Misses non-obvious variations (e.g., "Vndr_A" will not match "Vendor A").
Time-consuming for large datasets.
Prone to human error and lacks scalability.

B. Modern ML Techniques:

Technique: Using Fuzzy String Matching and Pre-processing

Python libraries like fuzzywuzzy or rapidfuzz can be used to group similar entries, automating the matching process while handling noise.

Python Code:

from rapidfuzz import process, fuzz
import pandas as pd

# Sample Data
data = pd.DataFrame({
    'transaction_id': [1, 2, 3, 4, 5],
    'vendor': ['Vendor A', 'Vndr A', 'Vendor_A', 'Vendor B', 'Vendoor C'],
    'amount': [100, 200, 150, 300, 250]
})

# Define Reference List of Vendors
reference_vendors = ['Vendor A', 'Vendor B', 'Vendor C']

# Fuzzy Matching
data['matched_vendor'] = data['vendor'].apply(
    lambda x: process.extractOne(x, reference_vendors, scorer=fuzz.ratio)[0]
)

print(data)

Output:

Transaction ID	Vendor	Amount	Matched Vendor
1	Vendor A	100	Vendor A
2	Vndr A	200	Vendor A
3	Vendor_A	150	Vendor A
4	Vendor B	300	Vendor B
5	Vendoor C	250	Vendor C

Advantages of this Approach:

Scalability: Automates reconciliation for thousands of rows in seconds.
Accuracy: Handles complex variations, typos, and abbreviations reliably.
Customization: Adjust similarity thresholds and match logic dynamically.
Integration: Pre-processed fuzzy data can feed into machine learning models for anomaly detection, clustering, or forecasting.

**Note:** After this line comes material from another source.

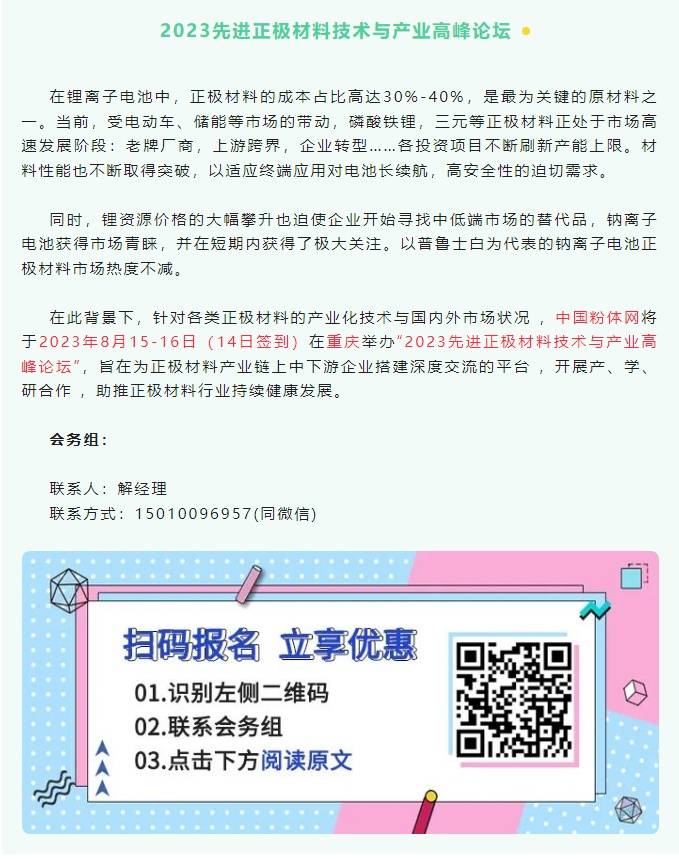从2023先进正极材料技术与产业高峰论坛暨第一届钠离子电池材料技术研讨会组委会获悉,本届会议将于2023年8月15-16日在重庆举办。北京新能源汽车股份有限公司邀请您共同出席。
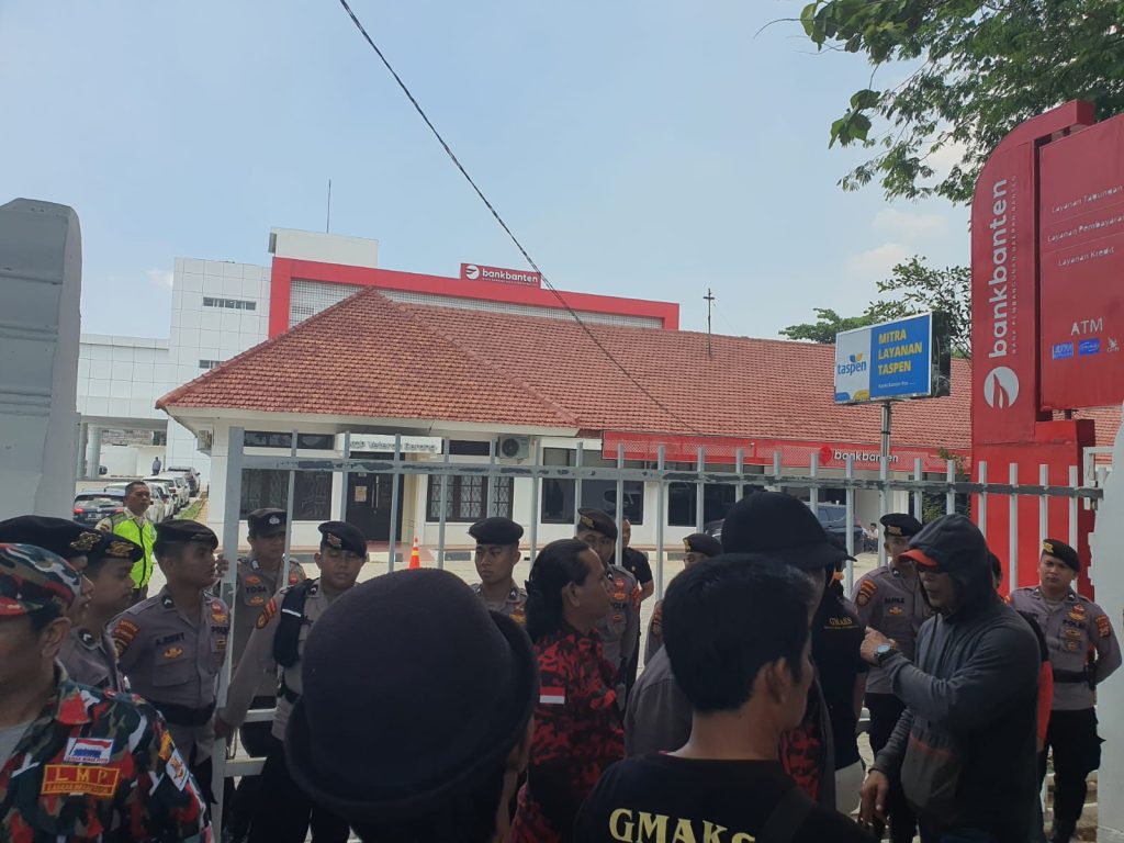 serang | Aksi damai yang digelar oleh Gerakan Moral Anti Kriminalitas (GMAKS) dan Kesatuan Komando Pembela Merah Putih di depan kantor bank banten memunculkan sorotan tajam terhadap dugaan penyimpangan anggaran pembangunan proyek Landscape serta belum dikantonginya izin PBG dan SLF Gedung Bank Banten.

Use Case Example: Combining Techniques:

Scenario: A retailer processes invoices from hundreds of suppliers. Many supplier names are misspelled or abbreviated, making it hard to reconcile payments.

Manual Without Fuzzy Matching	With Fuzzy Matching
Manually aligns and matches names.	Automates name reconciliation using fuzzy algorithms.
Misses subtle variations (e.g., `"Vendor"` vs. `"Vndr"`).	Detects and matches all reasonable variations.
Errors propagate into downstream analysis.	Pre-processed, consistent data improves accuracy.

Key Takeaways

Excel Techniques:
- Rule-based and statistical approaches are effective for structured problems with clear thresholds.
- Limited scalability and accuracy for complex or multivariate data.
- Without fuzzy matching, manual reconciliation is time-consuming and error-prone.
ML Techniques:
- Handle multivariate and nonlinear relationships, finding hidden patterns.
- Adaptable to large datasets and dynamic patterns.
- Require basic programming knowledge but provide significant insights over traditional methods.
- Fuzzy matching automates data pre-processing, enhancing accuracy and scalability.